A long public process that started with one of Tysons Reporter’s very first stories ended Tuesday night (June 22) when the Fairfax County Board of Supervisors unanimously approved a plan intended to revitalize McLean’s stagnant downtown.
The Community Business Center plan breaks McLean into certain areas where greater density will be allowed in exchange for certain public amenities, with the density gradually decreasing from that new epicenter out towards the existing neighborhoods.
The passage wasn’t without controversy, with prominent community groups like the McLean Citizens Association (MCA) continuing to oppose the plan.
“The MCA opposes the new comprehensive plan because of certain major deficiencies,” MCA representative Scott Spitzer said at Tuesday’s public hearing.
The MCA’s opposition to the plan focused on a few particular issues, like concerns about losing surface parking in favor of a push toward underground or on-street parking. The MCA also sought to have more language in the plan that would guarantee certain above-roof features.
Other speakers at the meeting were more general in their opposition.
“The Mclean CBC vision plan being discussed here today is awful,” said Dennis Findley, a McLean resident and an architect. “It’s just awful…It’s developer-incentivized talking points. It’s a nightmare dystopian vision for my beloved community.”

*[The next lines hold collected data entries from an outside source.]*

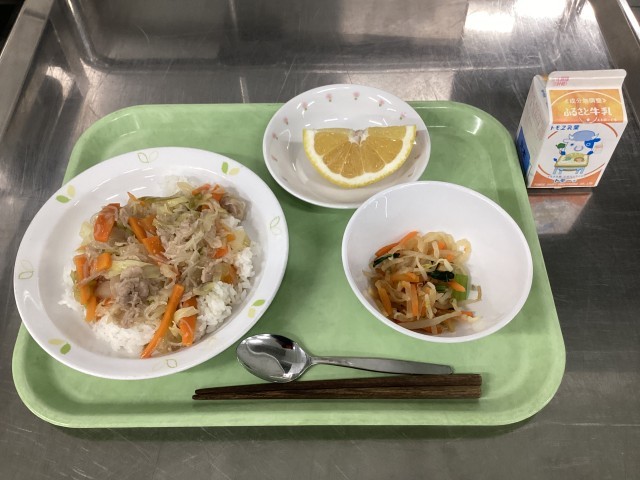 今日は、豚肉のうま煮丼、大根ともやしのピリ辛和え、河内晩柑、牛乳です。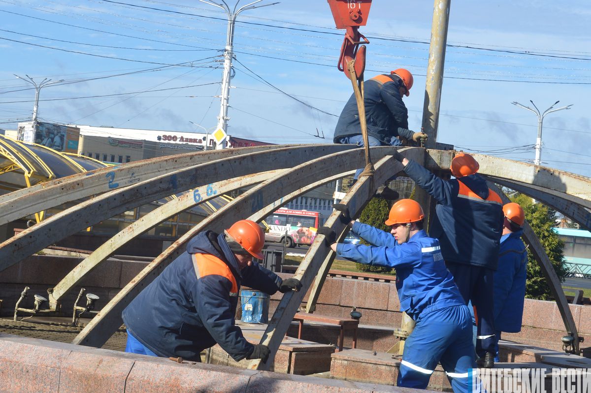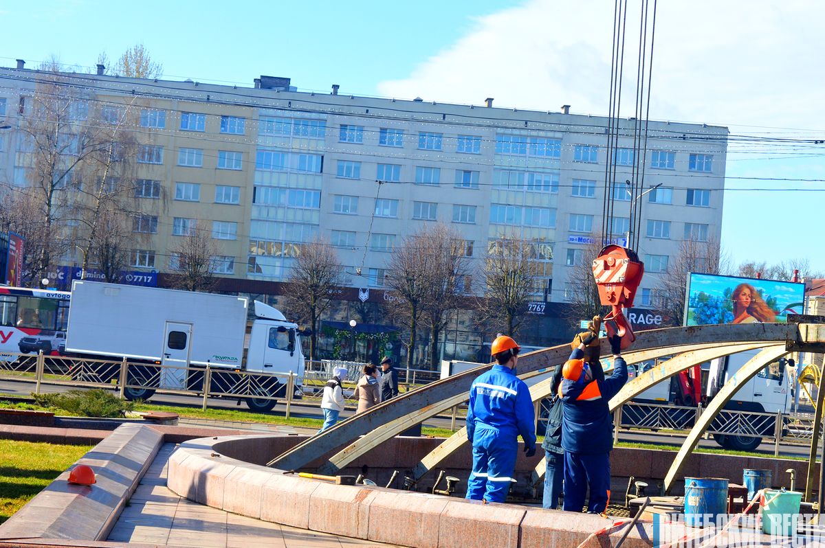 Сегодня утром специалисты на площади Победы на одном из фонтанов демонтировали зимний купол фонтанной чаши, подцепив его конструкции краном. Этот процесс запечатлел корреспондент «ВВ».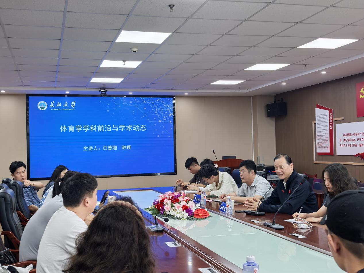 (通讯员 秦源)为促进体育学领域学术交流,助力师生把握学科前沿方向,2025年6月26日上午九点,sjb世俱杯中国官网入口特邀白晋湘教授,在文科楼905会议室开展以“体育学科前沿与学术动态”为主题的学术报告。参与本次学术报告的有sjb世俱杯中国官网入口党委书记于永伟,学院内体育类硕士生导师,以及sjb世俱杯中国官网入口2023级、2024级体育专业研究生。学院党委书记于永伟主持了本次活动。

There was some back-and-forth between Dranesville District Supervisor John Foust and Paul Kohlenberger, president of the Greater McLean Chamber of Commerce. Kohlenberger said his opposition to the plan as drafted was shared by every other McLean community-wide organization, though Foust later pushed back against that claim.
“We, like the others, have broadly supported the plan amendment process and support the aims of the process, and so does the broader community, but significant changes have been made since the task force stopped meeting in December,” Kohlenberger said. “Significant changes have undermined the plans ability to deliver the key benefits: multimodal connectivity, central gathering spaces, housing diversity, and stormwater management.”
In a tense exchange, Foust accused Kohlenberger of misrepresenting the views of other community organizations, stating that different groups have expressed different, sometimes incompatible demands.
“Everything you want is exactly what the organizations that have testified up to this point have said they don’t want,” Foust said. “You are on the outer limits…This is the reason it was so hard to get consensus.”
Other local residents expressed a concern that the McLean CBC plan would turn McLean into a new Tysons, saying they wanted to preserve the community’s “suburban character.”
Foust disputed that fear, saying that the proposed plan will provide more incentive for redevelopment in McLean than the existing comprehensive plan, which currently doesn’t allow enough development to justify the associated costs, but not to the extent allowed in Tysons.
“For many years, I’ve heard from residents who want a more pedestrian-friendly, vibrant downtown where we can celebrate a sense of place, where McLean residents can gather and celebrate community-focused events,” Foust said. “…We are not creating another Tysons. I believe this plan addresses each of the concerns and accommodates the goals set forth by the community.”
Ultimately, Foust led the Board in approval of the project.
“There’s strong interest in both directions,” Foust said. “We tried to find a middle and I think we did. There’s lots of misinformation out there…I think we have an excellent plan. It’s what the community wants, and not necessarily what certain organizations and individuals want. [But] doing nothing in McLean is not an option. Either we revitalize the business district or we continue to deteriorate and provide fewer and fewer community amenities. We see it year after year.”
The rest of the Board of Supervisors asked no questions and made no further comment on the plan. Chair Jeff McKay said he shared Foust’s sentiments regarding the necessity of the plan for McLean’s future.
“Often times we want the amenities, but folks don’t want any impacts, and ultimately we know that’s not possible,” McKay said. “So, we have to craft a plan that tries to balance the issues of revitalization with some real concerns from the community and when you do that, there’s often disagreement over how far one went at the expense of the other. The idea of doing nothing isn’t really acceptable.”